Neutral citation: [2023] KEELC 15755 (KLR)

Republic of Kenya

In the Environment and Land Court at Makueni

Judicial Review Application E010 of 2021

TW Murigi, J

February 15, 2023

IN THE MATTER OF DECISION TO REVOKE DEVELOPMENT PERMISSION DATED 13TH OF OCTOBER 2021 & ENFORCEMENT NOTICE DATED 19TH OF OCTOBER 2021 BY COUNTY EXECUTIVE COMMITTEE MEMBER-LANDS, URBAN DEVELOPMENT, ENVIRONMENT AND CLIMATE CHANGE- GOVERNMENT OF MAKUENI COUNTYU

Between

Republic

Applicant

and

County Executive Committee Member (Lands, Urban Development, Environment And Climate Change Government Of Makueni County

1st Respondent

Government Of Makueni County

2nd Respondent

and

Highway Holdings Ltd

Exparte Applicant

Judgment

1. By a notice of motion dated January 21, 2022 brought pursuant to the provisions of order 53 rule 3 of the Civil Procedure Rules and section 8 and 9 of the Law Reform Act cap 26 Laws of Kenya and all other enabling provisions of the law, the applicant seeks the following orders:-1)That an order ofcertiorarido issue to bring to this court for purposes of being quashed the decision by the 1st respondent in his official capacity as an employee, officer and agent of the 2nd respondent made or contained in the letters dated October 13, 2021 reference MCC/LUDECC/Aprrovals/Vol4/190/56 titled revocation of development permission and October 19, 2021 titled enforcement notice.2)The respondents do meet the costs of this application.
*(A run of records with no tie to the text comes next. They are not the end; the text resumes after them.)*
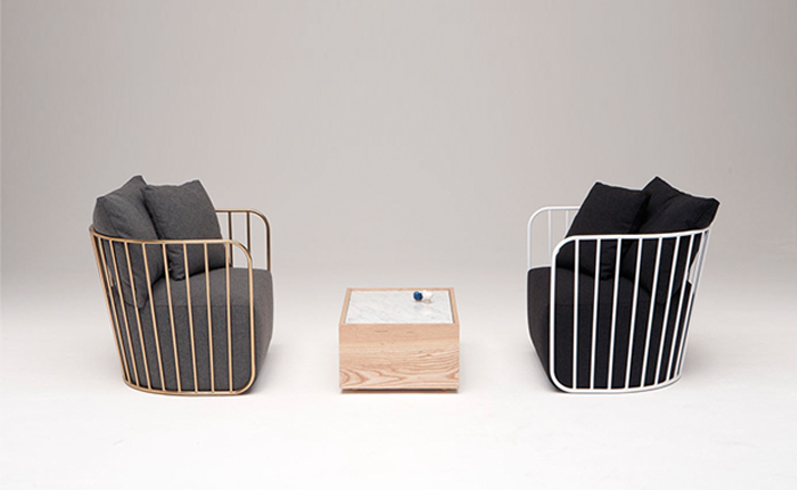 "The Bride's Veil Stool family’s unique language is meant as a graceful alternative to the archetypal bar stool.The double stool is the perfect solution for you and your date to enjoy sitting together uninhibited by separate stools.The strikingly elegant metal base is available in smoked brass,polished chrome,burnt copper,or powder coat,while the top is offered in COM upholstery.At every angle these stools offer a visual treat."
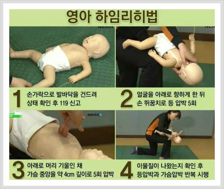 1. 1세 이하의 영아에 실시하는 기도폐쇄 응급처치는 허벅지 위에 아이 머리가 가슴보다 아래를 향하도록 엎드려 놓고 손바닥 밑부분으로 아기 등의 중앙부를 세개 두드립니다.
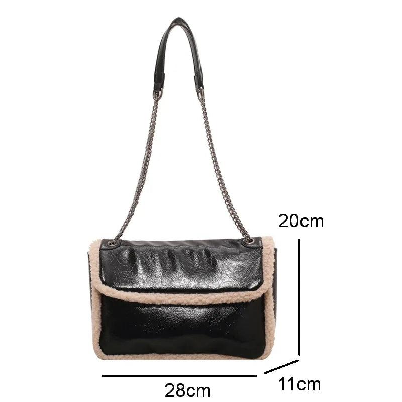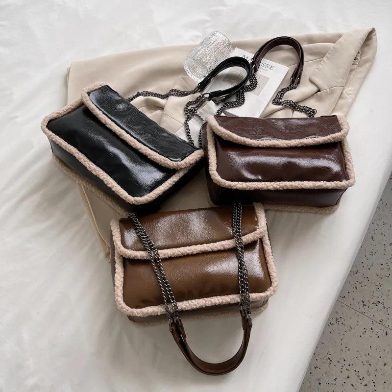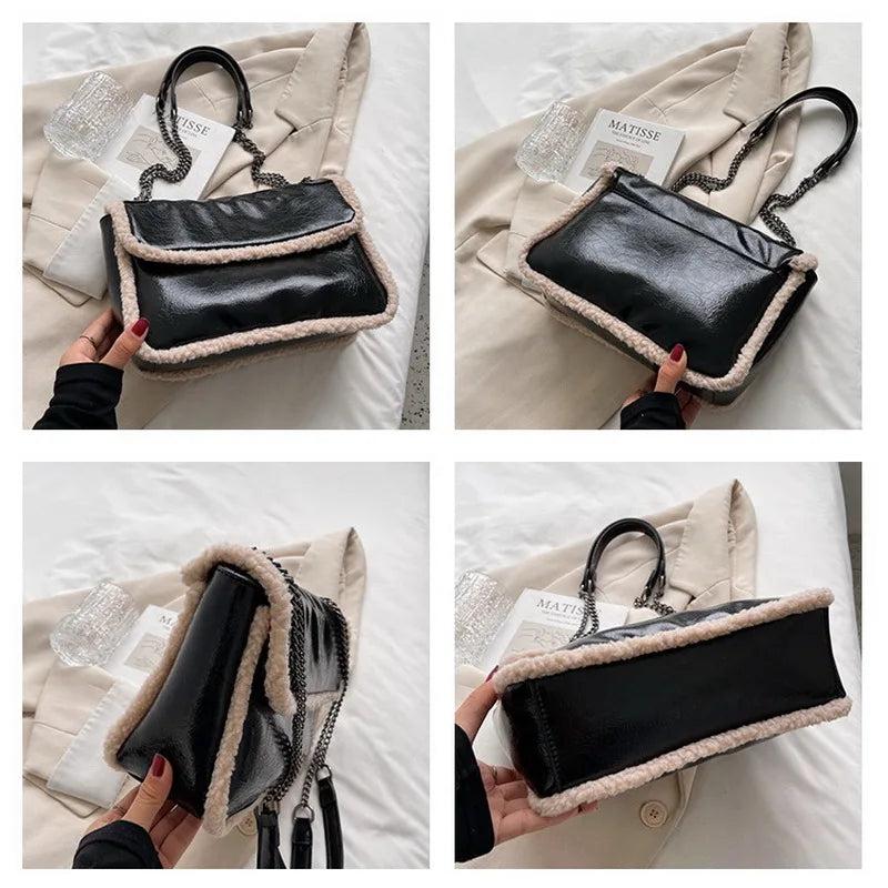 Vintage Oil Wax Leather Shoulder Bag Lamb Wool Messenger Chain Bag HPS1272
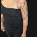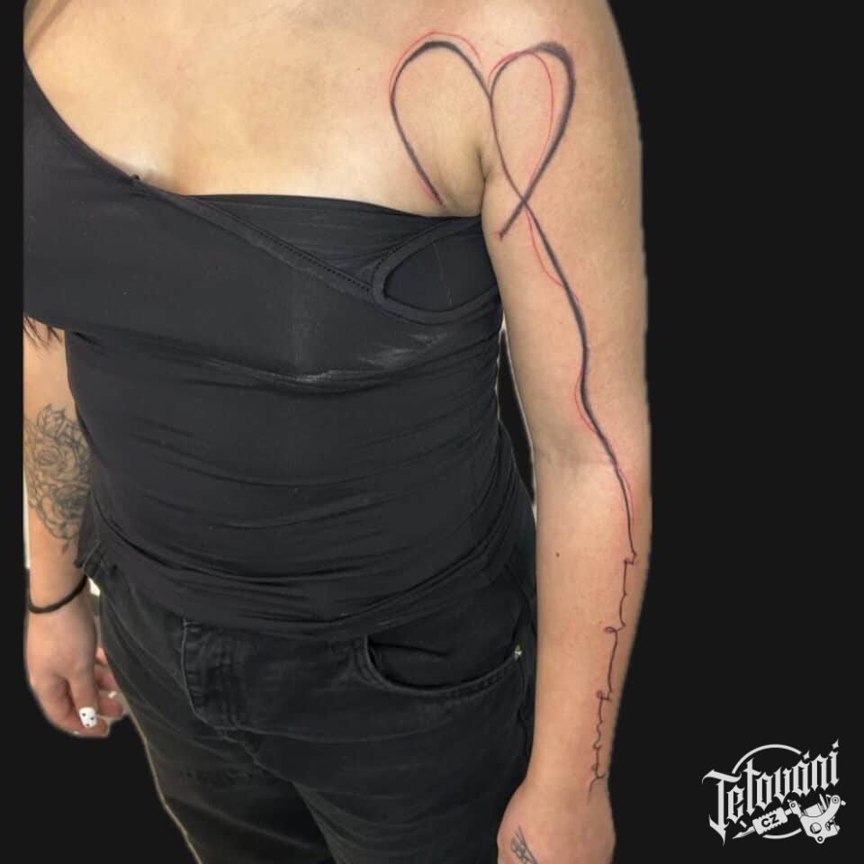 Tetování abstraktní čáry, srdce a nápis na rukávu
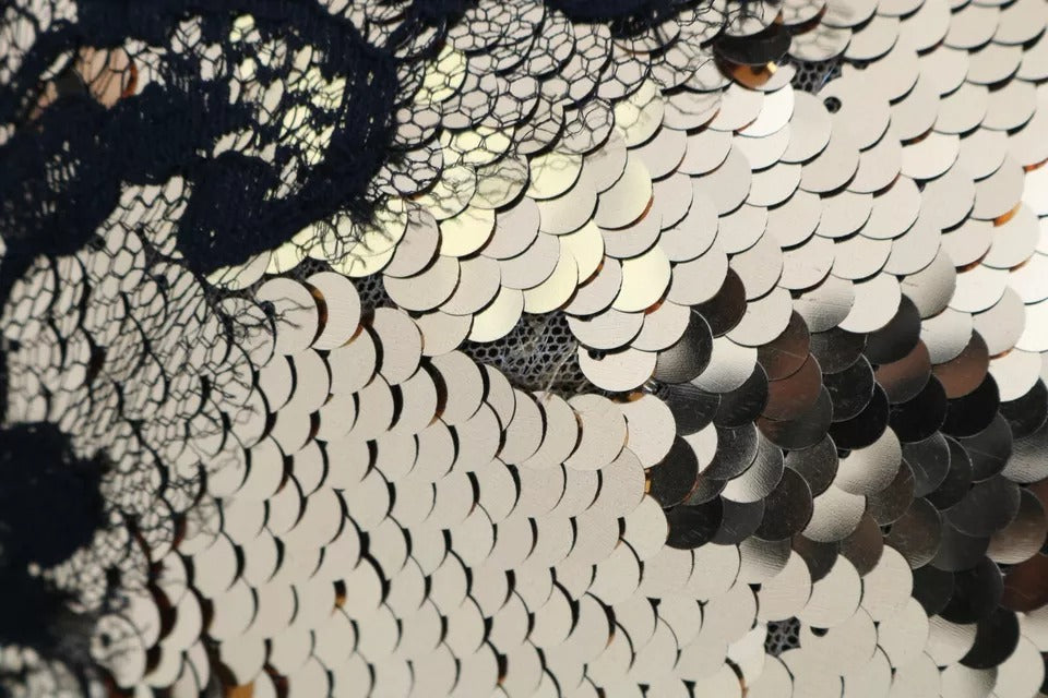 Material: 60% polyester, 26% cotton, 5% crystal, 5% silk, 4% lamb leather
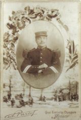 Prosper et Julia ont déjà deux enfants (Jean Pierre et Albert) lorsque la guerre éclate. La photo nous montre un bien beau militaire, même si elle est (mal) retouchée au niveau de la coiffure. La photo d'origine montrait notre grand père avec sa casquette réglementaire. Pour un portrait de famille, des cheveux, c'est mieux, non? Illustration:

2. The application is premised on the grounds appearing on its face together with the statutory statement and verifying affidavit of the ex parte applicant sworn on even date.

3. A summary of the grounds, the statutory statement and the averments is that the ex parteapplicant is the owner of land parcel No Makueni/Unoa/2424. That vide a letter dated February 24, 2021, the 1st respondent was upon application granted the ex parte applicant approval to develop its property. That on November 30, 2021 the employees of the 2nd respondent proceeded to the site to demolish his property in enforcement of the letter dated October 13, 2021 revoking the development permission and the enforcement notice dated October 19, 2021. The ex-parte applicant averred that he was never served with the letters dated 13th and October 19, 2021. He further averred that he became aware of the 1st respondent’s decision contained in the letter dated October 13, 2021 when the 2nd respondent went to the site to enforce the decision.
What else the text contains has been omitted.